In [1]:

    
import gym



In [2]:

    
env = gym.make('FrozenLake-v0') # initialize the Frozen Lake environment









    



[2017-10-26 17:15:45,498] Making new env: FrozenLake-v0



In [3]:

    
env.render() # check out what the initial state of the environment looks like









    



\e[1mSFFF
FHFH
FFFH
HFFG







    Out[3]:





<ipykernel.iostream.OutStream at 0x7f106d4527d0>

What we see here is a layout of a 'frozen lake'. The agent can move in this world. Some tiles of the lake are walkable (frozen, 'F'), and others lead to the agent falling into the water (hole, 'H'). Additionally, the movement direction of the agent is uncertain and only partially depends on the chosen direction. The agent is rewarded for finding a walkable path to a goal tile. The available actions are walking one step in any of the four directions (up, down, left and right). The current state is highlighted in red.



In [4]:

    
n_states = env.observation_space.n # number of states
n_actions = env.action_space.n # number of actions
print("This environment has %s states and %s actions." % (n_states, n_actions))









    



This environment has 16 states and 4 actions.

Let us now try to move around in this environment a little bit.



In [5]:

    
s0 = env.reset()
print("Initially the agent is in state %s." % s0)

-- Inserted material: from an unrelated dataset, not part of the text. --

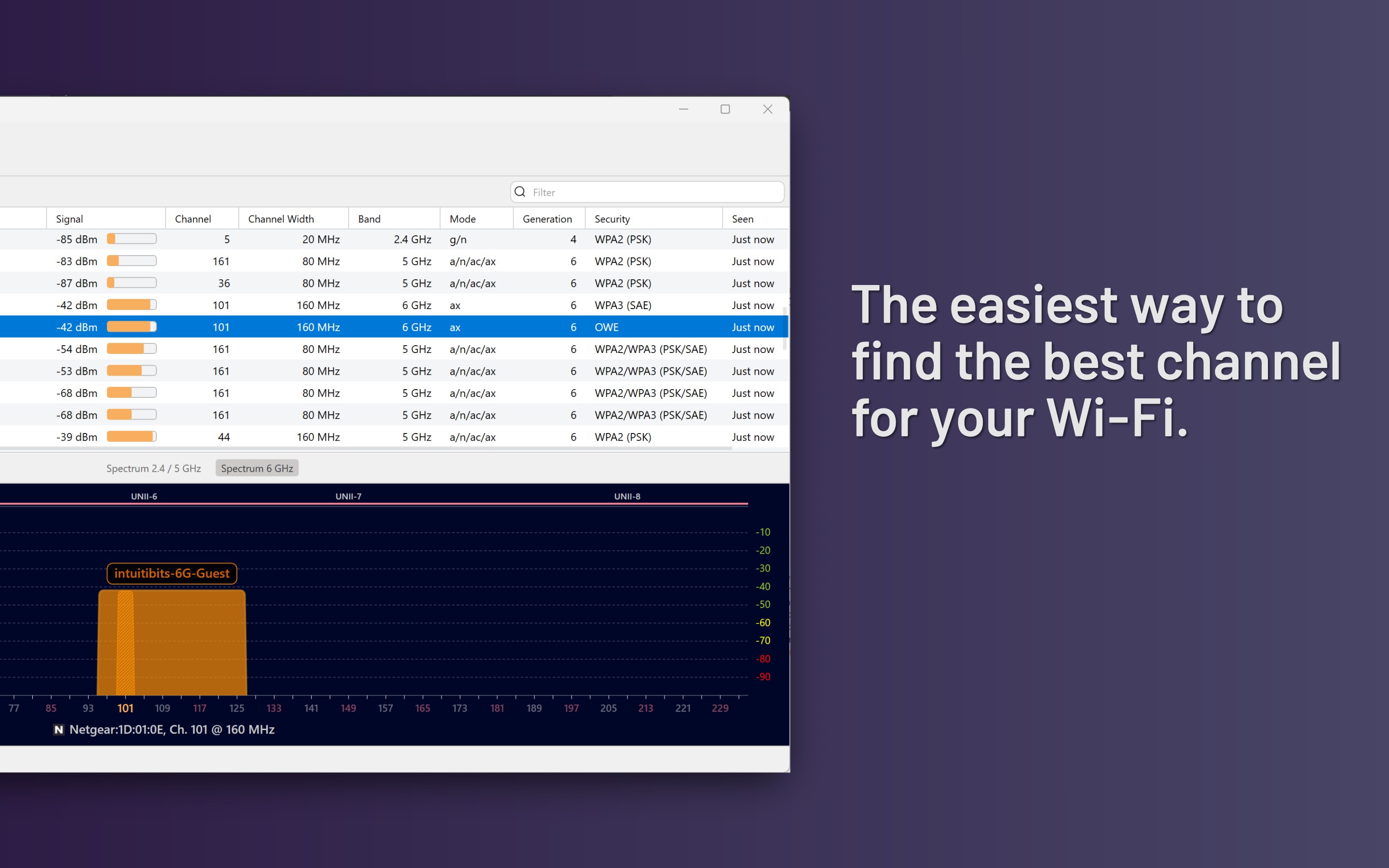 Easy-to-use, intuitive user interfaceGraphical visualization of the Wi-Fi environmentSupports 2.4 GHz, 5 GHz, and 6 GHz frequency bands as well as 20, 40, 80, 160, and 320 MHz channelsSupports Wi-Fi 4, Wi-Fi 5, Wi-Fi 6, Wi-Fi 6E, and Wi-Fi 7Works with 802.11a/b/g/n/ac/ax/be networksAccurate and configurable conversion of signal strength measurements from dBm to percentage (%)Selectable and sortable columns Quick filtering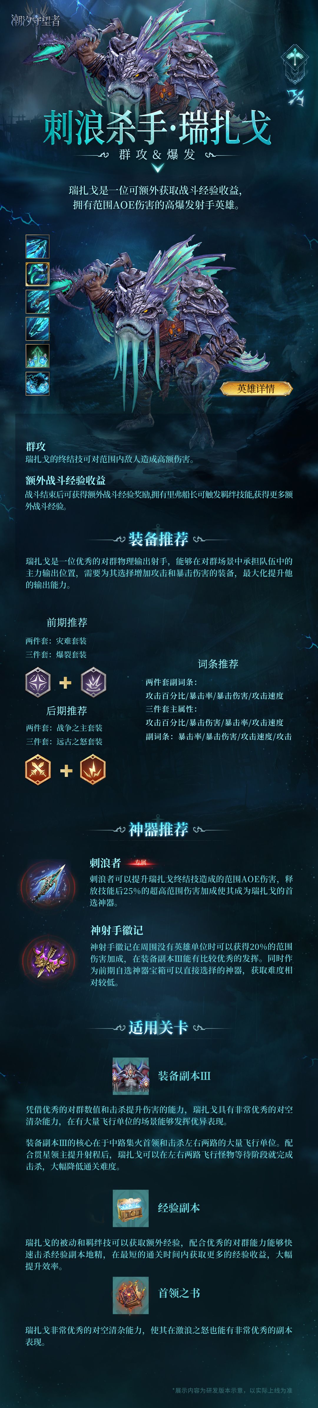 瑞扎戈是一位可额外获取战斗经验收益,拥有范围AOE伤害的高爆发射手英雄。

s1 = env.step(env.action_space.sample()) # take a random step
print('''
    The agent is now in state %s and has recieved a reward %s. 
    Episode done? %s.
    Additional information (transition probability of landing in this state): %s.
    '''
    % s1)
env.render() # render current state









    



Initially the agent is in state 0.

    The agent is now in state 0 and has recieved a reward 0.0. 
    Episode done? False.
    Additional information (transition probability of landing in this state): {'prob': 0.3333333333333333}.
    
SFFF
FHFH
FFFH
HFFG
  (Left)






    Out[5]:





<ipykernel.iostream.OutStream at 0x7f44924d5750>